Defense counsel objected to the introduction of the Rikers calls at the defendant’s trial on three grounds. The Court rejected the first two grounds, finding: (1) no violation of the right to counsel  because the DOC did not elicit the calls and therefore did not act as an agent of the State; and (2) that the defendant failed to identify the violation of any statutory right.  The third ground  – that the calls were disseminated without consent, because the defendant was told they would be recorded, but not that the recordings would be released to the prosecution – was found to be unpreserved.  The Court thus left the door open to challenge consent in a subsequent case (unless the DOC changes all its signs before then to reflect that recorded calls will be shared with prosecutors).


While upholding it in this case, the Court also at least warned that its resolution of the “narrowly drawn” issues here should not be interpreted as approval of these practices. It encouraged trial judges to fulfill their  “traditional function” of balancing prejudice, and ensuring compliance with “constitutional mandates,” the rules of evidence, and criminal procedure.  In a concurrence, Judge Pigott underscored the potential for abuse and the undermining of the constitutional rights of detained defendants.  As Judge Pigott acknowledged, “Something needs to change.”


The concurrence also pointed out the “major distinction” between the jail using the calls for security purposes, and prosecutors using those same calls to secure an advantage at trial.  He cited statistics as to the greater likelihood of conviction for detained defendants, and the need for defendants to reach out to friends and family to obtain witnesses and gather evidence, especially for pro se defendants.  Judge Pigott also recognized that prosecutors can gain key evidence through these calls that could influence plea negotiations, especially when undisclosed to the defense.  He called the prosecution’s suggested solution that defendants just refrain from discussing details of their cases on the phone as “not a viable alternative.”  Yet, for now, despite all these lofty words, the prosecutor’s “solution” continues to be the only alternative.
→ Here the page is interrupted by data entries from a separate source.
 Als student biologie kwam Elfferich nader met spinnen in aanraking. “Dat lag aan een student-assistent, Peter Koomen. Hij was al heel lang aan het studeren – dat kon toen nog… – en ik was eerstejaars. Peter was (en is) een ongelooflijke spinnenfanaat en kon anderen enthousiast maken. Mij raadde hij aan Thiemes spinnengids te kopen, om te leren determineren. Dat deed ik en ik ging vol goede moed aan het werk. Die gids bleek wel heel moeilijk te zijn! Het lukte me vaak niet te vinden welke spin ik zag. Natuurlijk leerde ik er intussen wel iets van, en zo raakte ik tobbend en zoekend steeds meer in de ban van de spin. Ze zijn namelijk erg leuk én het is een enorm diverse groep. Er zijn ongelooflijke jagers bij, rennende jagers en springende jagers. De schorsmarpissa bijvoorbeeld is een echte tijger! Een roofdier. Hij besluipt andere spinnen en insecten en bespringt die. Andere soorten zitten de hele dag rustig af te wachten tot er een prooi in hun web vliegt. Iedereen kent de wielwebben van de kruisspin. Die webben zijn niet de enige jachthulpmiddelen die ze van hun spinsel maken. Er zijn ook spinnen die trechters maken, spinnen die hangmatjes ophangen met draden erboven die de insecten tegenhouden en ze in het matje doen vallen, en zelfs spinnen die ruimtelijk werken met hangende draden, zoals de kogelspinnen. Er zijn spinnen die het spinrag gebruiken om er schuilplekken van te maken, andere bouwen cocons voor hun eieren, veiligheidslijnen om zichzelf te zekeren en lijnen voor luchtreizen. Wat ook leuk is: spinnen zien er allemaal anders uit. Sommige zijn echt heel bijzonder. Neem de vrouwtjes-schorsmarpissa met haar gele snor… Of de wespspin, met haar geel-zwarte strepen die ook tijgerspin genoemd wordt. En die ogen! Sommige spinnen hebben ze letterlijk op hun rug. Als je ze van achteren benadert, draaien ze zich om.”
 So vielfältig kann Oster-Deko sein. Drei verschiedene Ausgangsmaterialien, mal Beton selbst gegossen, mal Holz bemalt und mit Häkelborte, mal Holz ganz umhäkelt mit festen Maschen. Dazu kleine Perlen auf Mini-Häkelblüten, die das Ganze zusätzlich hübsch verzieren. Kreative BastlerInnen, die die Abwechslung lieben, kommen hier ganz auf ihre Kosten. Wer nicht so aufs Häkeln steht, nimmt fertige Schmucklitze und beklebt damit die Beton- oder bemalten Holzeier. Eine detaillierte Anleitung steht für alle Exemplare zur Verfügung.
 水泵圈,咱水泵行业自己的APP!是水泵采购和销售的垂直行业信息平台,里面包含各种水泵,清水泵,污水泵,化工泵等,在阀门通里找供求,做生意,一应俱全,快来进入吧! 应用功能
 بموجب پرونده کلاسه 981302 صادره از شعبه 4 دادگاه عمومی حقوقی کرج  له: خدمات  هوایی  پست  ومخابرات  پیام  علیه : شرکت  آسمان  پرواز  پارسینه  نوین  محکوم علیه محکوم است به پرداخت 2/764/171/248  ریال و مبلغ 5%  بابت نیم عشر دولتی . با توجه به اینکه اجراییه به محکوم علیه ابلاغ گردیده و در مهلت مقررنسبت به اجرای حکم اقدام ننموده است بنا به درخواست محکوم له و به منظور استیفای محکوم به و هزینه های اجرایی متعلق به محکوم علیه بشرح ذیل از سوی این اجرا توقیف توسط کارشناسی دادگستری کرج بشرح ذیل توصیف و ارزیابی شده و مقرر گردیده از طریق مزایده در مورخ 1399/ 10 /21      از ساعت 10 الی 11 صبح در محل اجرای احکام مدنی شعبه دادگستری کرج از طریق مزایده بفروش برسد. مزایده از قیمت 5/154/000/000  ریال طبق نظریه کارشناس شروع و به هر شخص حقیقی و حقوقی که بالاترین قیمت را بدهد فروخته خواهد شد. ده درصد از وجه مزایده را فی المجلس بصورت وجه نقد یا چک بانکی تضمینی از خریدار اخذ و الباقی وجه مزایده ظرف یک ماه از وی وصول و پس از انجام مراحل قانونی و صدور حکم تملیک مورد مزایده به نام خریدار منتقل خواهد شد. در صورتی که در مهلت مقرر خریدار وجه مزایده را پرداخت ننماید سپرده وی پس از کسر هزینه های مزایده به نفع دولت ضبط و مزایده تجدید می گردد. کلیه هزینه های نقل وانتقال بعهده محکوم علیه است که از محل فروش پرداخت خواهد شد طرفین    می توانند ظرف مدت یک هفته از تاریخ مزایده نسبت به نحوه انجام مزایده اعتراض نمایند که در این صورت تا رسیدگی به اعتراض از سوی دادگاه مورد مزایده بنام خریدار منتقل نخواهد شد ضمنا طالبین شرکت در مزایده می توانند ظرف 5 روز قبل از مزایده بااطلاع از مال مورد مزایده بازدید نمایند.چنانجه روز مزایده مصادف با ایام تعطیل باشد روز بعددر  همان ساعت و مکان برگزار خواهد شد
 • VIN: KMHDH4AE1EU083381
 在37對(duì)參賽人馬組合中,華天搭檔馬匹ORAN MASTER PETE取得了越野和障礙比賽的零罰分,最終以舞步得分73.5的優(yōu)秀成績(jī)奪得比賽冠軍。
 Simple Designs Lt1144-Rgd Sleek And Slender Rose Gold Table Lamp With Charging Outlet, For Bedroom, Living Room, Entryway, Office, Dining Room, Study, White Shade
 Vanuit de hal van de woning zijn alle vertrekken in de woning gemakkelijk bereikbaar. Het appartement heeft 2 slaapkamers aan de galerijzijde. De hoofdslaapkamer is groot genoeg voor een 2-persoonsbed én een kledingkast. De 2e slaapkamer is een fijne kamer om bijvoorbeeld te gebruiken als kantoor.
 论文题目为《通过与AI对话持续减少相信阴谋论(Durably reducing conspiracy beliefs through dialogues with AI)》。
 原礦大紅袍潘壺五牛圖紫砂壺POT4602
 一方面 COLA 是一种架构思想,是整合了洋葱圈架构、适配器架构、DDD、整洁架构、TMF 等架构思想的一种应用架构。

Other issues the Court did not address, but may in the future:


As to consent, a defendant could argue: (1) that a warrant is needed to tape a client’s phone calls because, as with eavesdropping, knowledge does not equal consent. U.S. v. Daniels, 903 F.2d 1238, 1244 (7th Cir.); (2) because of a detained defendant’s impaired ability to communicate in any other way, his statements are “involuntary” under C.P.L. § 60.45 (and then request a voluntariness instruction before the jury); and/or (3) a defendant who speaks a language other than English or Spanish has not given informed consent under the present signage system.


In a footnote, the Court noted it was not addressing an issue raised in the amici brief (and not raised by this defendant), that the defense trial strategy can be unfairly revealed to the prosecutor.  In his concurrence, Judge Pigott also noted that the prosecutor’s “unfettered access can prejudice a defendant and impair his ability to prepare a defense, which ‘skews the fairness of the entire system’ (Barker, 407 US at 532).”  So there may be some fair trial  point to be made here.  Also, an unfair influence on plea negotiations could be argued – certainly where defense counsel advises a client to reject a plea, unaware of damaging information obtained through Rikers Island tapes, and thereby denying the defendant effective counsel during the plea bargaining process. See Lafler v. Cooper, 132 S. Ct 1376 (2012).


Finally, now that the Court of Appeals has expressed its disapproval of this practice and specifically invited trial courts to exercise their discretion and preclude these tapes on constitutional fair trial and evidentiary grounds, perhaps trial courts will be just a little bit less likely than previously to reflexively admit this evidence in so many cases!